Sir Nicholas Barton Harvey (born 3 August 1961) is a British Liberal Democrat politician. He was the member of parliament (MP) for North Devon from 1992 to 2015 and the Minister of State for the Armed Forces from 2010 to 2012.

Early life and education
Harvey was born in Chandler's Ford, Hampshire, and was educated at Queen's College, an independent school in the county town of Taunton in Somerset. He then attended the Middlesex Polytechnic at Enfield where he was awarded a BA degree in business studies in 1983. He was the president of the students' union from 1981 to 1982.

Early career
He joined Profil PR Ltd in 1984 as a communications and marketing executive, before being appointed by the public relations firm Dewe Rogerson (now known as Citigate Dewe Rogerson) as a marketing executive in 1986. He worked as a communications consultant from 1991 until his election to parliament.

Parliamentary career
He was elected as the vice-chairman of the Union of Liberal Students for a year in 1981. He unsuccessfully contested the London Borough of Enfield seat of Enfield Southgate at the 1987 general election. He finished in second place some 18,345 votes behind the then government whip Michael Portillo. He was elected to the House of Commons for North Devon at the 1992 general election by defeating the Conservative MP, Antony Speller, who had ended the parliamentary career of former Liberal leader Jeremy Thorpe in the same seat at the 1979 general election. Harvey won the seat with a majority of just 794, but remained the MP there until 2015. He made his maiden speech on 11 May 1992.

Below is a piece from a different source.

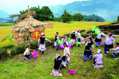 “拉珍莫!”哈尼族的祝酒詞鏗鏘有力,伴着田間瀰漫的陣陣稻香,阿者科村的村民們手捧滿溢的紅米酒,笑臉盈盈,共同祈盼來年也有個好收成。
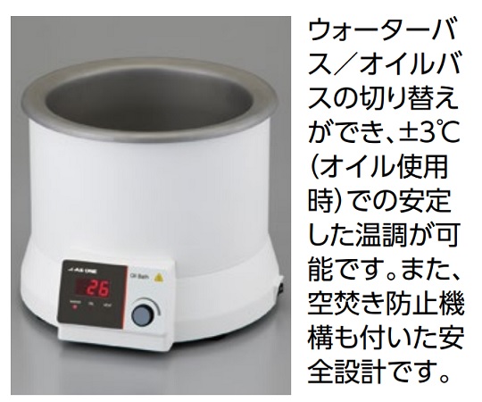 ●ウォーターバス/オイルバスの切り替えができ、±3℃(オイル使用時)での安定した温調が可能です。●空焚き防止機構も付いた安全設計です。●仕様:オイルバス●サイズ:300×320×240mm●容量:約4.5L●表示:LED●温度設定範囲:室温+5℃~180℃(1℃単位)●温度調節精度:±3℃●最大消費電力:1000W

He was made a spokesman on transport in 1992 by Paddy Ashdown, before being moved to speak on trade and industry in 1994. He became the spokesman on constitutional affairs following the 1997 general election. He became a member the front bench team under Charles Kennedy in 1999 when he became the party's health spokesperson. After the 2001 general election, he became the Liberal Democrat spokesperson for culture, media and sport until he stood down in 2003 to spend more time with his young family. He was a member of both the home affairs select committee and the standards and privileges committee since the 2005 general election. He was the vice-chairman of the all party group on beer. Until 2009, in addition to his career as an MP, he devoted time to advising a commercial public relations agency, Harrison Cowley, for which he declared an annual income of up to £10,000.

After the 2010 general election, as part of the Liberal Democrat – Conservative coalition, he was made minister for the armed forces. After the September 2012 reshuffle, he was knighted as a Knight Bachelor.

He was also a member of the public bill committee for the Defence Reform Act 2014.

He lost his seat in the General Election 2015 by 6,936 votes. He contested the seat unsuccessfully in the General Election 2017, increasing his vote by 8.6%, but falling 4,332 votes short.

Corporate career
After leaving Parliament, he was chair of the trustees of the Joseph Rowntree Reform Trust and worked for Global Partners, where he was an adviser on Egypt and Jordan.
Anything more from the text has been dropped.